Give back an exact repetition of the material below, from its first line through the line that contains "Piętrowy budynek przedszkola", both included, minus the pictures.

▶ **Information shown**
+ + + + + + +
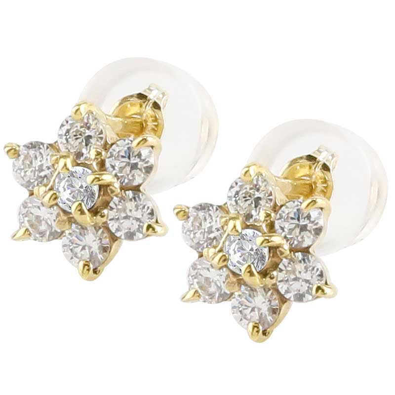 [スーパーセール10%OFF][ポスト長め15ミリ] 18金 ピアス ダイヤモンドピアス 花 フラワー ピアス イエローゴールドk18 18k スタッドピアス 天然石 ダイヤ 4月誕生石 レディース 男女兼用 ユニセックス 男女問わず
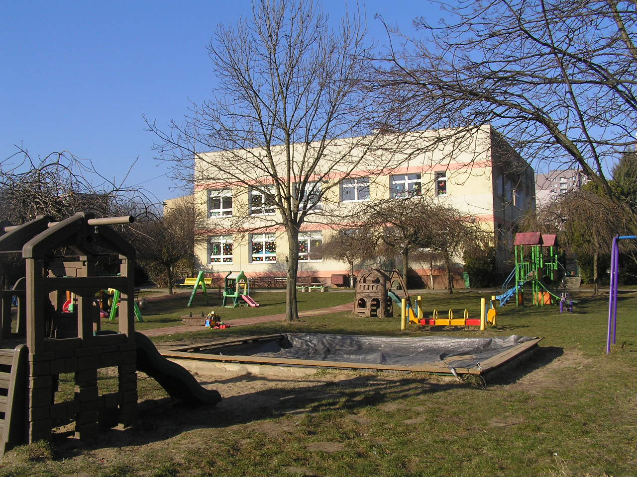 Piętrowy budynek przedszkola został wzniesiony w latach 1989-1991.
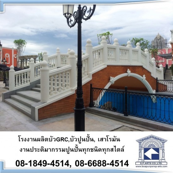 ผลิตเสาปูนปั้น GRC   บริการครบวงจร งานเสาปูนปั้น GRC รับออกแบบ ผลิต จัดส่งและติดตั้ง โดยโรงงานผลิตเสาโรมัน บัวปูนปั้น GRC นครปฐม โรงงานผลิตเสาโรมัน บัวปูนปั้น GRC ชั้นแนวหน้าของไทย เสาปูนปั้น GRC (Glassfibre Reinforced Concrete) คือ คอนกรีตเสริมใยแก้ว ทำขึ้นมาจากซีเมนต์, ทราย, น้ำ และใยแก้ว (AR Glassfibre) ใช้ศักยภาพของใยแก้ว แทนการใช้เสริมกำลังด้วยเหล็ก จึงรับแรงดัด-แรงดึงได้ เอื้อประโยชน์ให้ชิ้นงานมีความบางได้เพียงแค่ 6 มม. และให้คุณสมบัติคล้ายคอนกรีต เสาปูนปั้น GRC ที่เป็นผลงานของบริษัท เอส.พี.อาร์ต จำกัด จะถูกออกแบบและสร้างสรรค์โดยทีมช่างชำนาญการ สวยงาม คงทน แข็งแรง ตามแบบที่ลูกค้าต้องการ สอบถามข้อมูล-สเปคสินค้าเพิ่มเติมเกี่ยวกับงานเสาโรมัน แบบเสาโรมัน หัวเสาโรมัน เสาปูนปั้น งานบัวปูนปั้นร่วมสมัย งานบัวสั่งทำ รูปปั้น กระถาง น้ำพุ ลูกกรง ซุ้มโค้ง ได้ที่ โรงงานผลิตเสาโรมัน บัวปูนปั้น GRC นครปฐม บริษัท เอส.พี.อาร์ต จำกัด ติดต่อสอบถามโทร 08-1849-4514
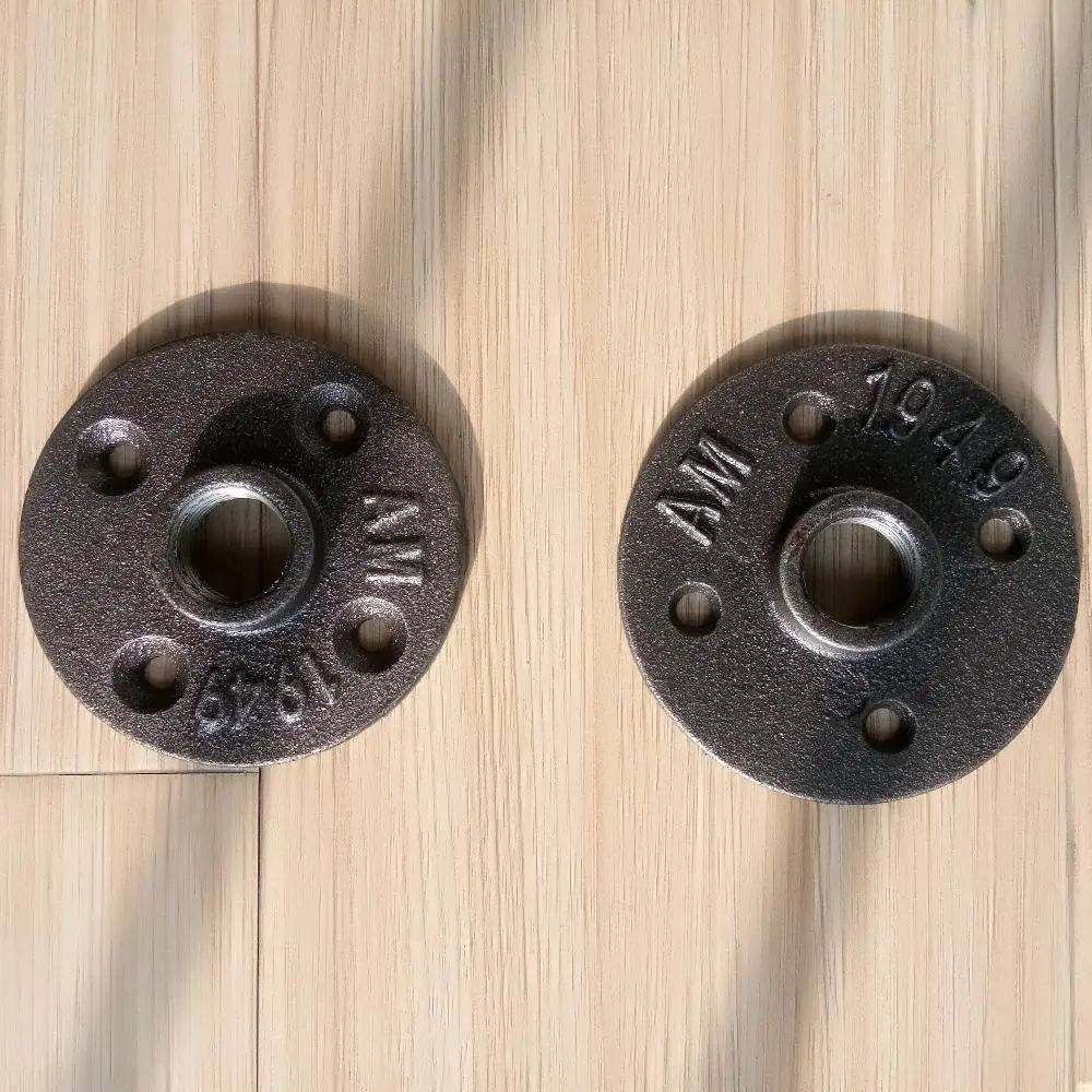 pipe fittings DN15 floor flange which pipe floor flange and malleable pipe fittings,galvanized malleable pipe fittings are our strong products ,Malleable iron pipe and pipe fittings connected with pipe and pipe fittings are used in decoration and many other fields, for example,the bed,table,shelf,lamp.beautiful appearance,never rust, black iron pipe fittings thread elbow floor flange and other pipe fitting are popular and sell well in many countries in the world.
+ + + + + + +
▶ **Result below**
 [スーパーセール10%OFF][ポスト長め15ミリ] 18金 ピアス ダイヤモンドピアス 花 フラワー ピアス イエローゴールドk18 18k スタッドピアス 天然石 ダイヤ 4月誕生石 レディース 男女兼用 ユニセックス 男女問わず
 Piętrowy budynek przedszkola został wzniesiony w latach 1989-1991.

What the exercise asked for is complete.